KMSfB: Kultureller Kahlschlag findet statt!

Hunderte Arbeitsplätze im Kulturbereich sind massiv bedroht

Wien (KMSfB/ÖGB). Im März frohlockte, so hielt heute die Gewerkschaft Kunst, Medien, Sport, freie Berufe (KMSfB) fest, Staatssekretär Morak über das Kunstbudget, das mit Kürzungen von rund 50 Millionen einigermaßen erträglich schien. ”Ein kulturpolitischer Kahlschlag findet nicht statt”, hieß es damals. Jetzt ist das genaue Gegenteil eingetreten: Die ”Zuschüsse zur Theaterführung” an die Länder und Gemeinden sollen ersatzlos gestrichen werden. Drüberfahren und streichen ist die Devise dieser Kulturpolitik mit dem Rotstift.++++

Die FPÖ-Kultursprecherin Povysil: ”Die Theater in den Ländern werden nicht umhin können, ihre Wirtschaftlichkeit zu überdenken”. ”Es ist eine gefährliche und existenzbedrohende Aktion, damit entzieht man den Städte- und Länderbühnen die Lebensgrundlagen”, reagierte Ernst Körmer, Vorsitzender der Gewerkschaft Kunst, Medien, Sport, freie Berufe erbost auf diese Absicht der Bundesregierung.

Für das ”Kulturland Österreich” wären dramatische Auswirkungen absehbar:
Der Finanzminister will sich 296 Millionen Schilling ersparen. Geld, das durch Umwegrentabilität (Zulieferfirmen, Gaststätten, Hotels, Steueraufkommen, Sozialversicherungsbeiträge, etc.) mehr als zurückfließt. Diese Maßnahme würde für einige Theater das unwiderrufliche ”Aus” bedeuten. Betroffen wären aber auch rund 2000 Arbeitsplätze.

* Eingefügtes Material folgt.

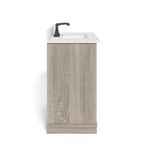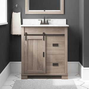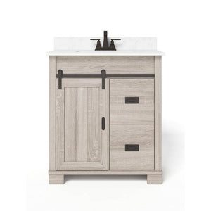 Complete your bathroom with this stylish and functional vanity by Glacier Bay. The functional barn door and 2 pull out drawers. Which provide ample storage for all your bathroom essentials.. Assembled: Assembled. Backsplash Included: Backsplash Included. Cabinet & Top Assembled weight (lbs): 145. Cabinet Color: Weathered Gray. Cabinet Color Family: Gray. Cabinet Material: Medium Density Fiberboard (MDF). Cabinet Shade: Light. Faucet Hole Spacing (in.): 4 in. Faucet Hole Spacing. Faucet Included: Faucet Not Included. Hardware Finish Family: Pewter. Included: No Additional Included Components. Mirror Included: Mirror Not Included. Number of Drawers: 2. Number of Shelves Included in Cabinet: 2. Number of Sinks: Single Sink. Sink Color: Carrera. Sink Color Family: White. Sink Location: Center. Sink Material: Ceramic. Sink Shape: Rectangular. Sink Type: Undermount. Style: Modern. Top Color: White with Natural Veining. Top Color Family: White. Top Material: Engineered stone composite. Top weight (lb.): 30. Vanity Features: Adjustable Shelves,Predrilled,Soft Close Doors,Soft Close Drawers. Vanity Top Edge Type: Bevel. Vanity Type: Freestanding. Backsplash Height (in.): 4.00. Basin Depth (in.): 7.3. Basin Length (in.): 20. Basin Width (in.): 20. Cabinet Depth (in.): 21.00. Cabinet Height (in.): 34.50. Cabinet Width (in.): 30.00. Product Depth (in.): 20.00 in. Product Height (in.): 34.5 in. Product Width (in.): 30.00 in. Vanity Top Thickness (in.): 1.4. Number of Sinks: Single Sink. Cabinet Material: Medium Density Fiberboard (MDF). Sink Location: Center. Cabinet Shade: Light. Mirror Included: Mirror Not Included. Sink Shape: Rectangular. Faucet Hole Spacing (in.): 4 in. Faucet Hole Spacing. Sink Type: Undermount

Im Salzburger Landestheater bangen 240 Mitarbeiter und deren Familien um die Arbeitsplätze. Prof. Mag. Alfred Bürgschwendtner, Vorsitzender der KMSfB Salzburg: ”Beabsichtigte Kulturkahlschläge in Gemeinden und Ländern zerstören gut geführte Kultur- und Theater-Strukturen und schädigen das Ansehen Österreichs weit über seine Grenzen hinaus!”

Im Stadttheater Klagenfurt wären rund 250 Mitarbeiter betroffen. Die Gewerkschaft hat deswegen den Landeshauptmann aufgefordert, diesen Absichten des Finanzministers eine klare Absage zu erteilen. Der Landesvorsitzende der KMSfB, Ernst Primosch: ”Dies käme einem kulturellen Kahlschlag gleich und muss schärfstens zurückgewiesen werden. Für Kärnten würde eine Verwirklichung dieser Absicht das Aus für den Klagenfurter Theaterbetrieb bedeuten.”

In der steirischen Landeshauptstadt wären durch die Schließung des Schauspielhauses bzw. die Auflösung des Grazer Philharmonischen Orchesters mindestens an die 100 Arbeitsplätze gefährdet. Walter Tomaschitz, Landesvorsitzender der Veranstaltungstechniker: ”Nicht nur Arbeitsplätze wären sofort verloren und damit die Zukunft der Mitarbeiter und ihrer Familien, auch der Ruf der zukünftigen europäischen Kulturhauptstadt Graz wäre beim Teufel!”.

Auch in den renommierten Spielstätten Tirols und Oberösterreichs soll der Rotstift angesetzt werden: ”340 Arbeitsplätze sind gefährdet. Schon jetzt sind die Einkommen am unteren Limit. 85 Prozent der Beschäftigten verdienen weniger als 17.000 Schilling”, gibt der Tiroler Bühnen-Landesvorsitzende Roman Krivsky seiner Empörung Ausdruck.
Der Vorsitzende Oberösterreichs, der Musiker Reinhard Pirstinger:
”Gerade in der jetzigen Aufbruchsphase des Landestheaters Linz (z.B. Musiktheaterneubau) würde die Einstellung der Bundeszuschüsse verheerende Folgen haben. Rund 490 Beschäftigten samt ihren Familien und vielen weiteren Beschäftigten im Wirtschafts- und Tourismusbereich würde die Existenz entzogen. Der Schaden, welcher der kulturellen Vielfalt zugefügt würde, ließe sich ohnehin nicht in Zahlen fassen”.